No início do mais amplo alargamento da história da Europa comunitária, muitos se perguntam sobre os efeitos que a adesão simultânea de dez novos Estados terá no perfil da União, tal como hoje a conhecemos.
Os alargamentos, desde a comunidade inicial dos “6”, nunca foram neutros para a identidade do projecto. Em 1973, a entrada da Dinamarca e do Reino Unido trouxe os primeiros países com um espírito europeu algo reticente, que, até hoje, sempre limitou os passos integradores (de Schengen ao euro). A entrada da Irlanda nesse ano, seguida da Grécia (1981) e de Portugal e Espanha (1986), abriram à “Europa pobre” um clube de países ricos, obrigando à adopção de políticas de coesão destinadas a tentar equilibrar o tecido sócio-económico de regiões europeias cada vez mais diversas e, ao mesmo tempo, garantir as condições para o florescimento do novo mercado interno. Em 1990, teve lugar um “alargamento” de que ninguém fala: a absorção da antiga RDA pela Alemanha federal, com impactos económico-financeiros sérios, com consequências de monta nos “12”, por virtude da subida das taxas de juro forçada pelo Bundesbank. Finalmente, em 1995, a entrada da Áustria, Finlândia e Suécia, se não conduziu a um desvio do padrão médio de desenvolvimento dominante, provocou, no entanto, o reforço do pilar neutralista (de que só a Irlanda era então exemplo), tornando mais complexo o caminho para uma dimensão europeia de Segurança e Defesa.

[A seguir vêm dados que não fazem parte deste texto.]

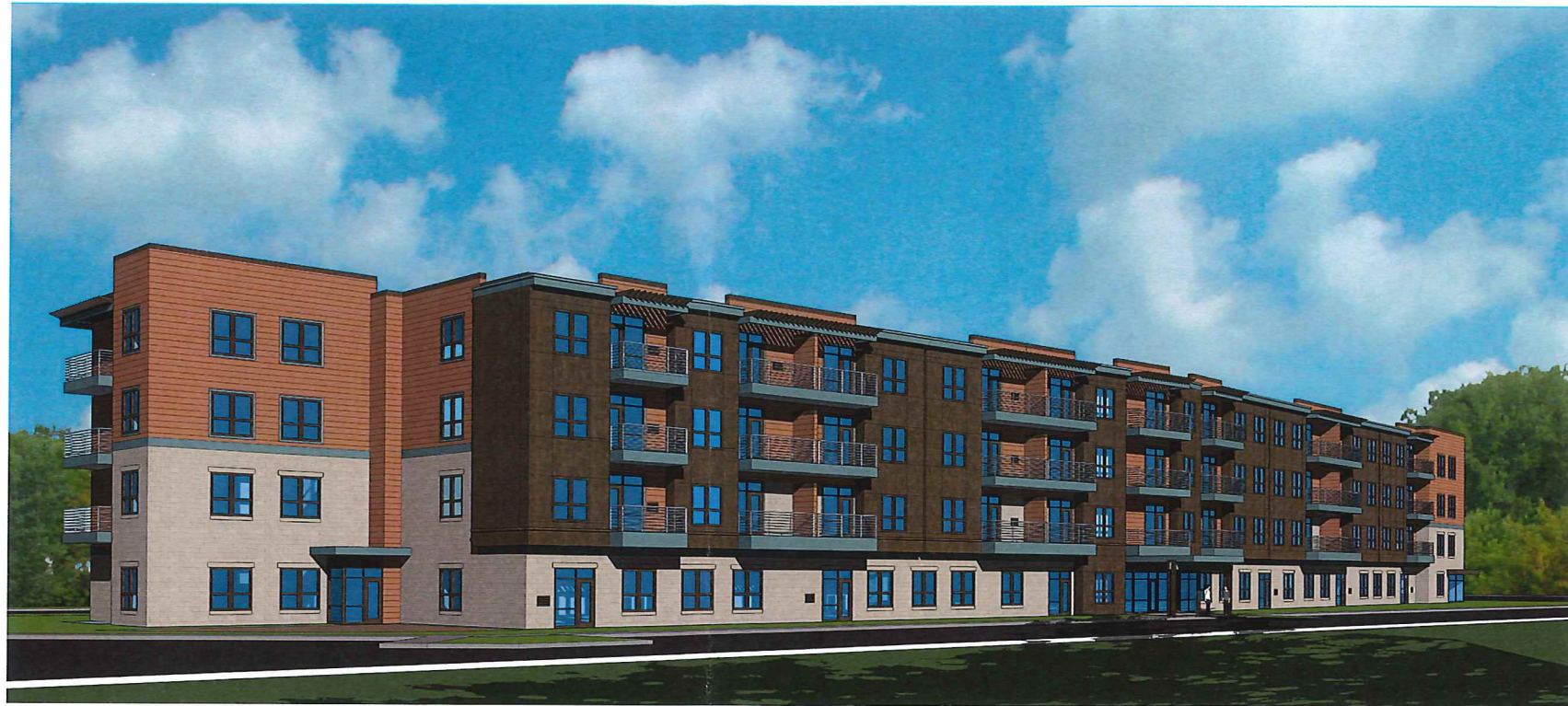
① 3D View to NE 1" = 1'-0"

A Europa comunitária muda, assim, de qualidade cada vez que se alarga. O que devemos esperar deste novo alargamento? Sublinho três aspectos.
O primeiro para notar que este conjunto de Estados tem, na sua generalidade, um desenvolvimento médio inferior ao da União a “15”, se bem que, numa perspectiva dinâmica, traga interessantes taxas potenciais de produtividade e crescimento, por virtude dos seus níveis educacionais, da flexibilidade laboral e da ânsia em se mostrarem apelativos para o investimento externo. A responder a esta realidade, muito diferenciada no curto prazo, os novos membros não vão, porém, encontrar uma UE à altura de algumas das esperanças criadas. Com efeito, cedo se verificou que, se o objectivo fosse prolongar na Europa a “25” o tecido de políticas da Europa a “15”, a pressão sobre o orçamento seria incompatível com o grau de generosidade que os contribuintes líquidos estão dispostos a assumir. Assim, o caminho para uma Europa dualista é, cada vez mais e por muito tempo, a perspectiva realista, com tudo o que isso significa de frustração de expectativas.

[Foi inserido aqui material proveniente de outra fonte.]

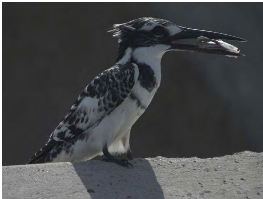
Fig. 32. Ceryle rudis , São Filipe, Fogo, 19 October 2004 (Richard White)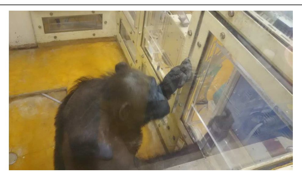
Ai doing her task with touch panel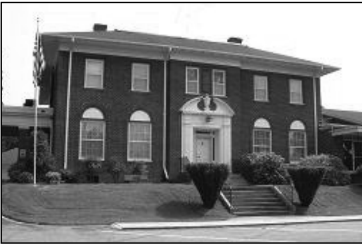
Happy Holidays from the North Wilkesboro Elks Lodge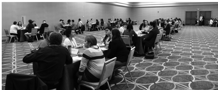
Grad students and new professionals connected with established practitioners at the Professional Development Committee's popular Speed Networking event.

We also hosted a successful mixer at the NCPH conference in Indianapolis. We greatly enjoyed meeting so many folks. We look forward to our next mixer in Las Vegas! Register early because our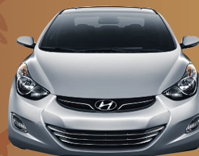
Vehicle not as shown.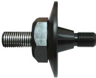
KA1028 ARBOR EXTENSION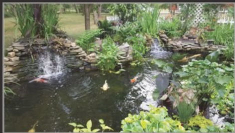
WILKOLASKI POND

Um segundo aspecto é de natureza mais política e prende-se com a atitude e o posicionamento geo-estratégico dos novos aderentes. Descontada a incógnita da importação da crise cipriota, entre os novos Estados conta-se um país profundamente neutralista (Malta) e um grupo de oito antigas “democracias populares”. Para estes últimos, a adesão à segurança “soft” da União não prevalece sobre a prioridade que dão à sua pertença à NATO, o mesmo é dizer ao interesse em manterem e reforçarem os laços com os EUA, perante quem têm um visível reconhecimento histórico. O impacto sobre os equilíbrios da Política Externa e de Segurança Comum (PESC) não será despiciendo, quer na leitura do laço transatlântico, quer no saldo de uma não ultrapassada tensão traumática com a Rússia. De igual modo, a aposta na segurança “hard” da NATO dificilmente tornará tais Estados entusiastas no caminho para uma Política Europeia de Segurança e Defesa (PESD), que vêem como potencialmente detrimental para a coesão da Aliança.

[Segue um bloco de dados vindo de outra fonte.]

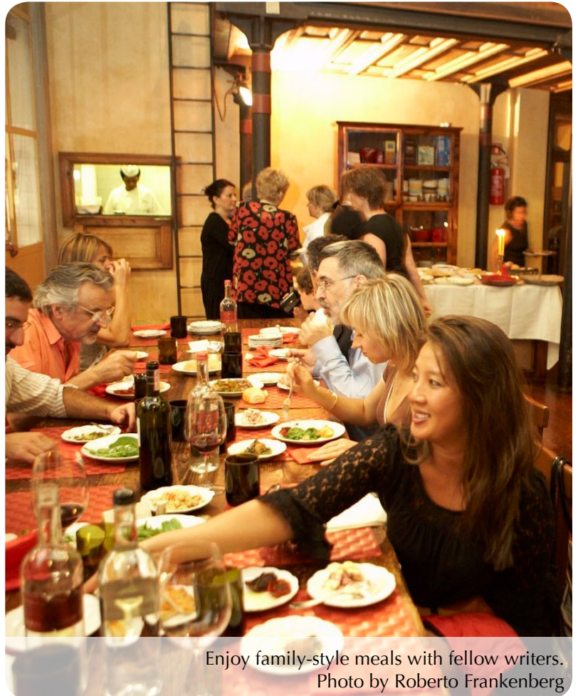
Enjoy family-style meals with fellow writers.

A nonrefundable deposit of $450 for Session, $1,000 for Session + Lodging is due upon acceptance

Finalmente, um último aspecto liga-se à questão da liberdade de circulação no espaço da União alargada. Paira sobre este alargamento, em alguns países dos “15”, a ideia de que se poderá estar a “importar” insegurança, seja pelo aumento súbito do fluxo legal de mão-de-obra, com impactos nos equilíbrios económico-sociais nacionais, seja pela facilitação da imigração clandestina de terceiros países e, por essa via, de abertura a vagas de criminalidade ou à geração de bolsas de tensão étnica. Num tempo de preocupações securitárias quase obsessivas, por vezes assentes em doutrinas de raiz xenófoba e nacionalista, serão essenciais muita pedagogia e políticas públicas de raiz comunitária ou intergovernamental destinadas a assegurar a tranquilidade dos cidadãos da União e a limitar os seus legítimos receios.
A nova Europa que aí vem comporta mais riscos e muitas mais incógnitas. Esse será o preço a pagar pela aposta nesta reunificação política, num espaço alargado de liberdade, de progresso e de estabilidade. Quem não entender isto não terá nunca a razão estratégica do seu lado.